I believe that every civilized nation under the sun is in the practice of naturalizing foreigners. The omnipotent Parliament of Great Britain exercises this right. The rights of all independent nations are equal. Whatever course Great Britain pursues in relation to the subjects or citizens of other countries, these countries are authorized to pursue in relation to the subjects of Great Britain. Whatever her admirers may say to the contrary, if she does not acknowledge, she is compelled to act in conformity to this principle. Where is there in her history an example of her punishing as a traitor, a Briton naturalized by a foreign Government, although found in arms against her? If a subject could not divest himself of his natural allegiance; if once a subject always a subject, were true, how is it that Napper Tandy was suffered to escape punishment? Why was he not hanged as a traitor? He was born in Ireland, became a French citizen, served in war against his native country, was taken, tried, and found guilty of high treason; but when a terrible retaliation was threatened by France, in the event of his execution, that nation, which never yields to threats, restored him to his then adopted country.

But gentlemen are opposed to the further prosecution of the war. Do they contend that the causes which rendered it necessary have been removed? Have we obtained the objects for which it was commenced? Is the new and before unheard-of system of blockade abandoned? A system which, under the pretence of being a military measure, was converted into a commercial scheme beneficial to the belligerents, and destructive alone to the rights of the neutrals.

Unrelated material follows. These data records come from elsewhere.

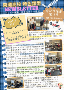 特色類型NEWSLETTER第15号 2025年12月22日50回生、51回生、特色類型、特色類型推進部teachers 特色類型NEWSLETTER第15号を掲載しました。今回は10月28日(火)と11月4日(火)にそれぞれパーソナルジムSTYLEの吉田先生、京都光華女子大学の河嶋教授に行っていただきました健康スポーツ類型2年生・3年生の学校設定科目「アスレチックパフォーマンスⅠ・Ⅱ」の出前授業の様子についてです。画像をクリックしてPDFファイルをご覧ください。
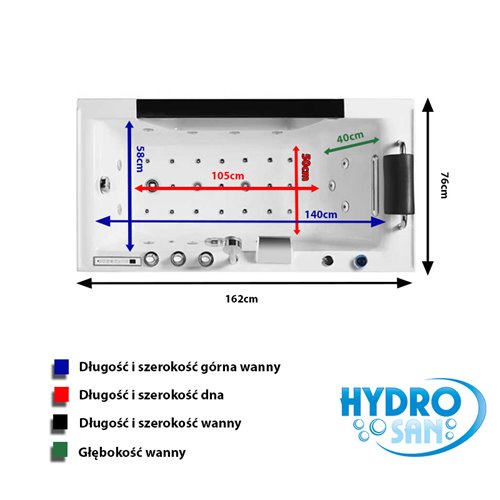 Opis produktu Wanna z hydromasażem prostokątna 162x75 cm Gomera 938C Hydrosan
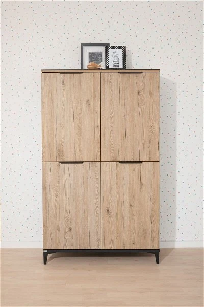 Der naturschwarze Korpus des Paidi Tomke Regal und die Einlegeböden und Türfronten in Eiche-Bordeaux bilden einen tollen Kontrast. Die zweifarbige Deckplatte und die Füße und Griffe aus gebürstetem Metall unterstreichen den industriellen Look. Dieses Regal bietet Ihnen ausreichend Stauraummöglichkeiten – im Kinder- und später auch im Jugendzimmer.
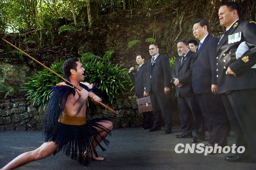 国家副主席习近平于当地时间6月17日抵达奥克兰,开始对新西兰进行正式访问。图为在奥克兰总督府,新西兰方以毛利人传统仪式迎接习近平一行。 中新社发 胡旭君 摄
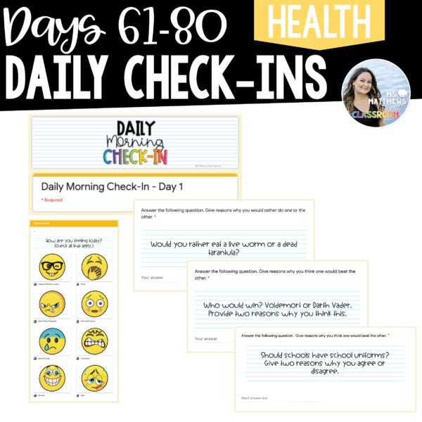 Elevate your morning routine with our Daily Morning Check-In Google Forms for Days 61-80, unlocking continued connection, engagement, and growth. Join us on this enriching journey as we empower students and cultivate a positive learning environment. Get ready for meaningful interactions and self-reflection!
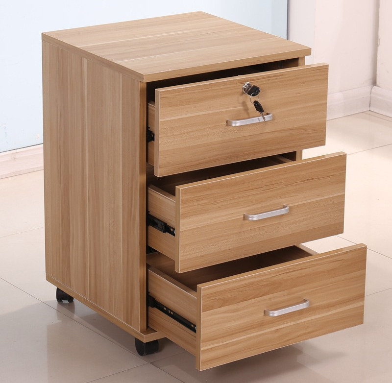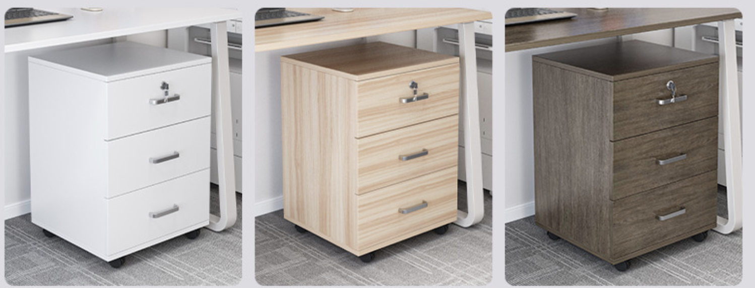 The Wooden 3 Drawer Pedestal Cabinet features three thoughtfully designed drawers to meet various storage needs:
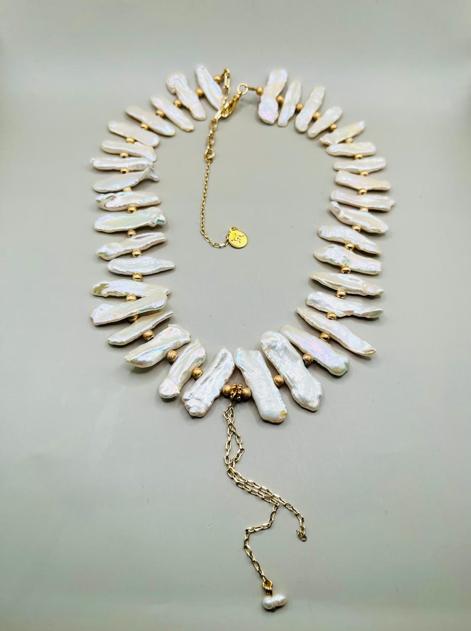 Collar Perlas Planas Naturales/ Chapa
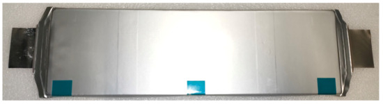 Cell under investigation. The pouch cell has large cell tabs on the sides, with which it can be electrically connected when testing modules. It can be seen that .
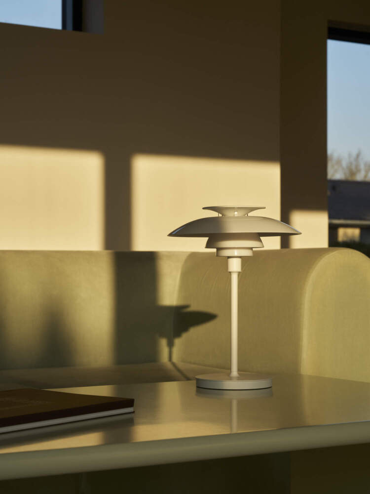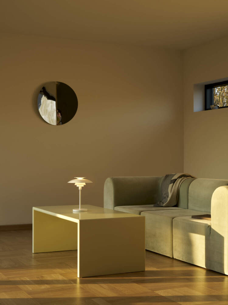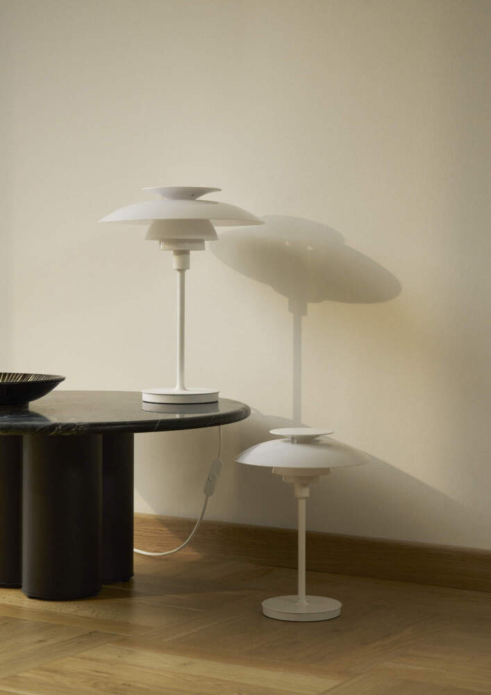 Prenosná lampa PH 80 nadväzuje na nadčasové dedičstvo dánskeho dizajnéra Poula Henningsena a jeho ikonický systém troch tienidiel, ktorý zaisťuje rovnomerné osvetlenie bez oslnenia.
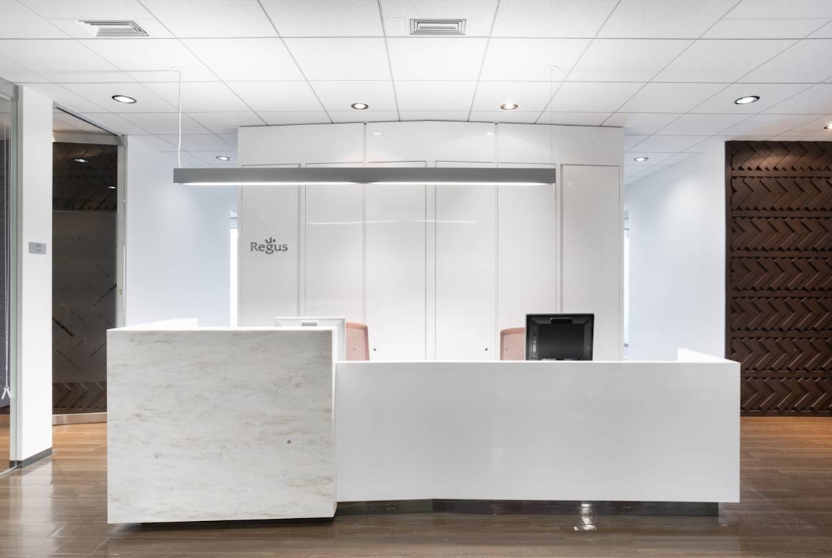 Workspaces sit on the ninth floor of a modern white high‑rise, with floor‑to‑ceiling windows and far‑reaching views. Inside, private offices, coworking areas, meeting rooms, and a calm business lounge run on fast Wi‑Fi with on‑site support. Additionally, breakout areas, an on‑site café, and CCTV monitoring round out the essentials for day‑to‑day work. As a result, the generous natural light helps reduce reliance on artificial lighting during the day.
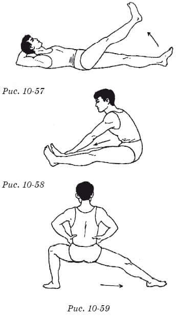Стоять. Встаньте прямо, руки на поясе. Сперва по очереди поднимайте ноги вперёд перед собой, колени держите прямыми. Затем сделайте максимальный шаг стопой в сторону, и попеременно сгибайте ноги в коленях. Приседайте на корточки то в одну, то в другую сторону словно натягиваете лук, чтобы выпрямленная нога растягивалась и выпрямлялась под силой тяги.

Have our citizens been restored to their country? Is any disposition evidenced to omit tearing them from their homes and families in future? What will be the consequence of laying down our arms, of shrinking from our present attitude? We are at the feet of Great Britain: and after having for years attempted in vain to obtain justice, we are to recommence fruitless negotiation. Admit that we are unable to enforce our demands, to support our independence, that we cannot carry on war, that the friends of the British Government in this country (to use their own expression) will not permit us; in such a situation, with such admission, to expect justice would be folly in the extreme. England would return to her habitual spoliations, would re-establish that state precisely the most beneficial to herself, the most injurious to us: infinitely better to her than peace on fair terms, for then the opportunity would be lost of feeding and enriching her navy at our expense; better than war, as the numerous prizes brought into her ports of late very clearly prove. Formerly the losses were exclusively ours. Yes, sir, willingly would she return to, and forever continue, her former career of depredation; and the next ten years would add another thousand to the thousand American vessels already carried into her ports.

Too long did we suffer disgrace and degradation. Peace, with all its blessings, may be enjoyed at too dear a price. But yet, while it was possible to preserve it, we shut our eyes against the most flagrant injuries; we affected not to hear the loudest insults. Peace was congenial to our habits, favorable to the principles of our Government. It was not to be apprehended it would be, nor cannot be now believed that it was wantonly abandoned. Whilst tranquillity prevailed it was wise to dwell on its advantages. Now, that in spite of all our efforts we are at war, it is well to inquire whether circumstances may not grow out of it favorable to our future happiness and prosperity.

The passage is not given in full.